Material provided ->
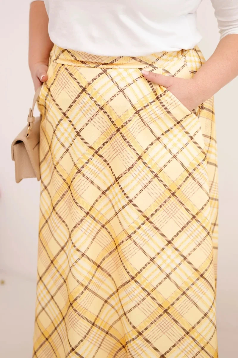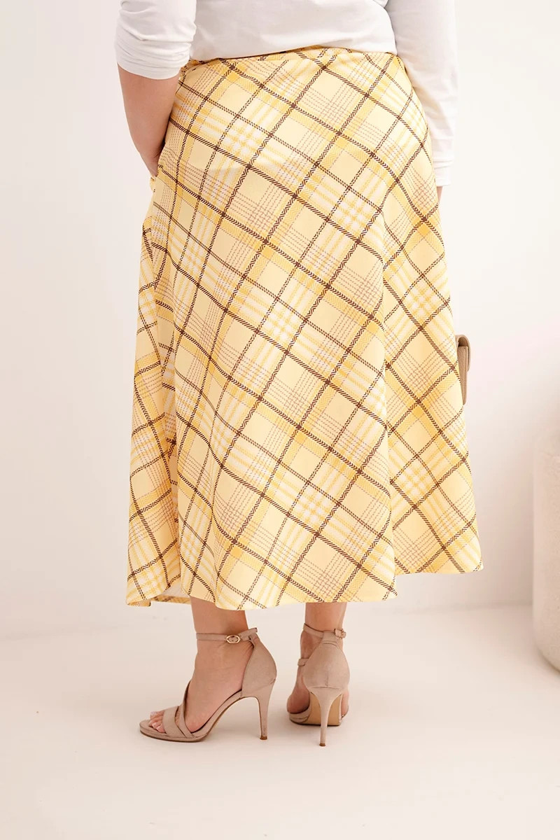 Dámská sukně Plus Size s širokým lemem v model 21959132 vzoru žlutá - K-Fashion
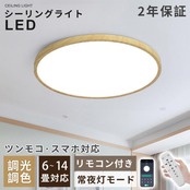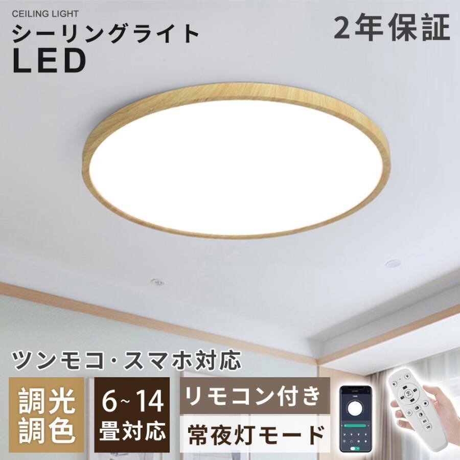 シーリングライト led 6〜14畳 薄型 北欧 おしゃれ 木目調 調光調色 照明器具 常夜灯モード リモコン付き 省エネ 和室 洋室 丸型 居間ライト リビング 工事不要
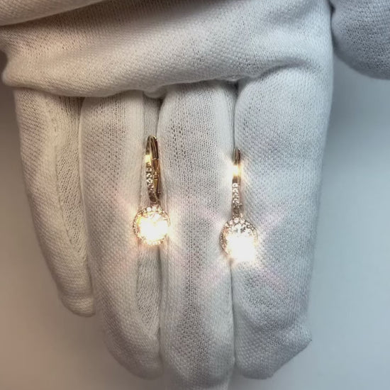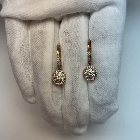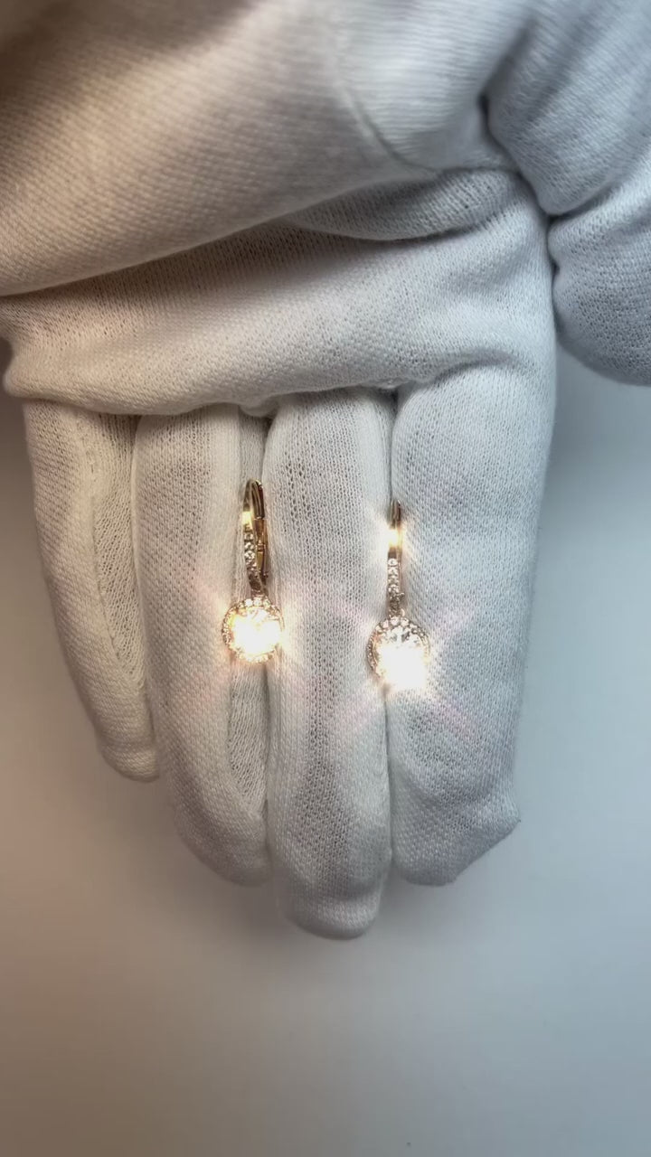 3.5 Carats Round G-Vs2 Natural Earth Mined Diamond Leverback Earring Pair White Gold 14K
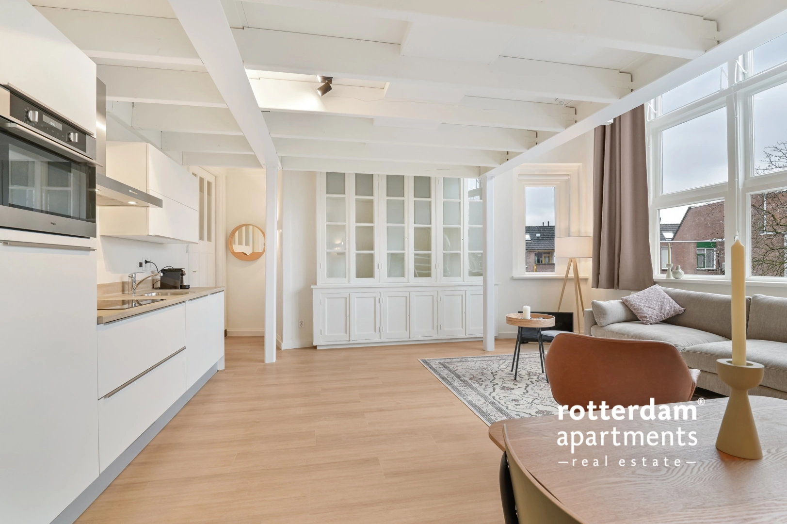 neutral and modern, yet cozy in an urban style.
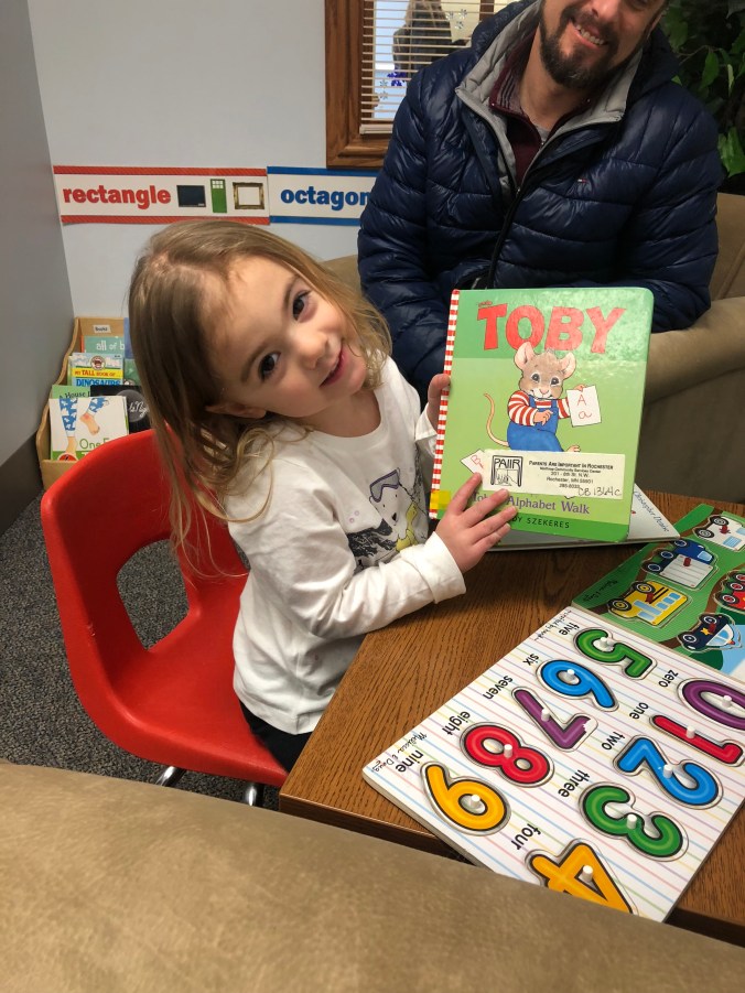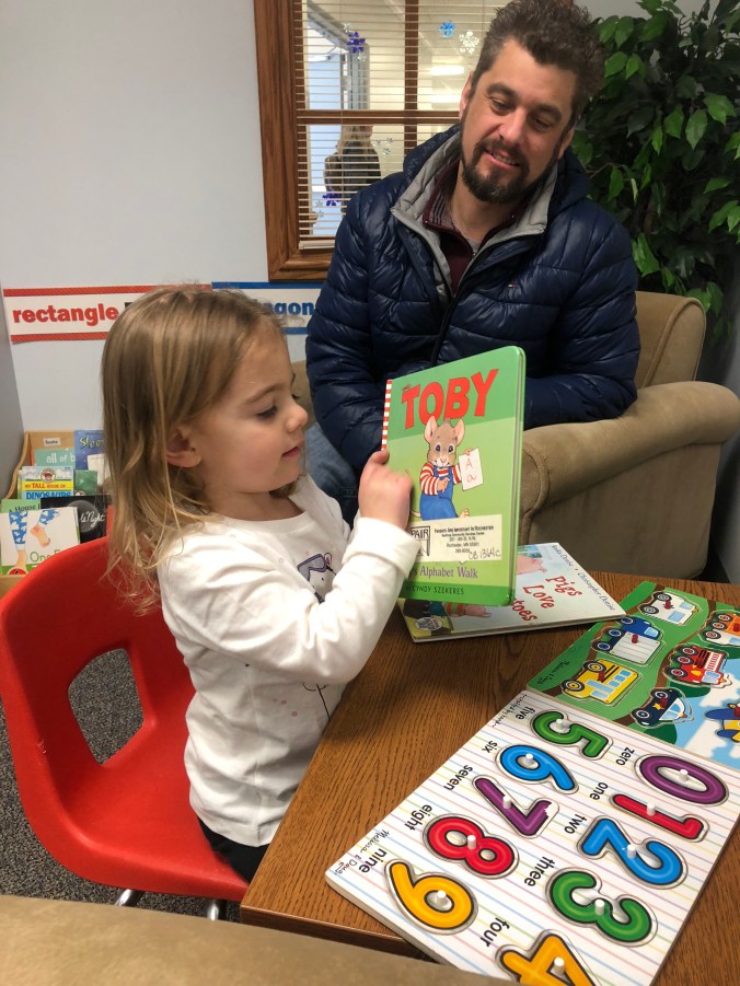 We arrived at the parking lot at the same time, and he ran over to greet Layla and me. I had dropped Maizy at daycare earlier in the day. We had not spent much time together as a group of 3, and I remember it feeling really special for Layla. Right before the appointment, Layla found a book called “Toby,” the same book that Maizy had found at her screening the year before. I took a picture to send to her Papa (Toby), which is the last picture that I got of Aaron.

==

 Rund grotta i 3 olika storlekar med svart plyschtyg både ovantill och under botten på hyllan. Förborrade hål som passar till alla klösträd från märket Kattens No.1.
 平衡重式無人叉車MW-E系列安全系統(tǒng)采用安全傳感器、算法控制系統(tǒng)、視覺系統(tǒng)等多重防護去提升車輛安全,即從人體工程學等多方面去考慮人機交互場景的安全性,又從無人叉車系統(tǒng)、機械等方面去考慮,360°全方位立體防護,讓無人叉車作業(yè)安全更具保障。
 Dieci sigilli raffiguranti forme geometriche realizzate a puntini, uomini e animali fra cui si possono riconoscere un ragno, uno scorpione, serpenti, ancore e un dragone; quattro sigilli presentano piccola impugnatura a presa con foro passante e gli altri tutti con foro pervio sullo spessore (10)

What the task requires -> Starting at the line above with "Dámská sukně Plus", output every line exactly up to and including the line with "We arrived at", but none of the pictures.

Response box ->
 Dámská sukně Plus Size s širokým lemem v model 21959132 vzoru žlutá - K-Fashion
 シーリングライト led 6〜14畳 薄型 北欧 おしゃれ 木目調 調光調色 照明器具 常夜灯モード リモコン付き 省エネ 和室 洋室 丸型 居間ライト リビング 工事不要
 3.5 Carats Round G-Vs2 Natural Earth Mined Diamond Leverback Earring Pair White Gold 14K
 neutral and modern, yet cozy in an urban style.
 We arrived at the parking lot at the same time, and he ran over to greet Layla and me. I had dropped Maizy at daycare earlier in the day. We had not spent much time together as a group of 3, and I remember it feeling really special for Layla. Right before the appointment, Layla found a book called “Toby,” the same book that Maizy had found at her screening the year before. I took a picture to send to her Papa (Toby), which is the last picture that I got of Aaron.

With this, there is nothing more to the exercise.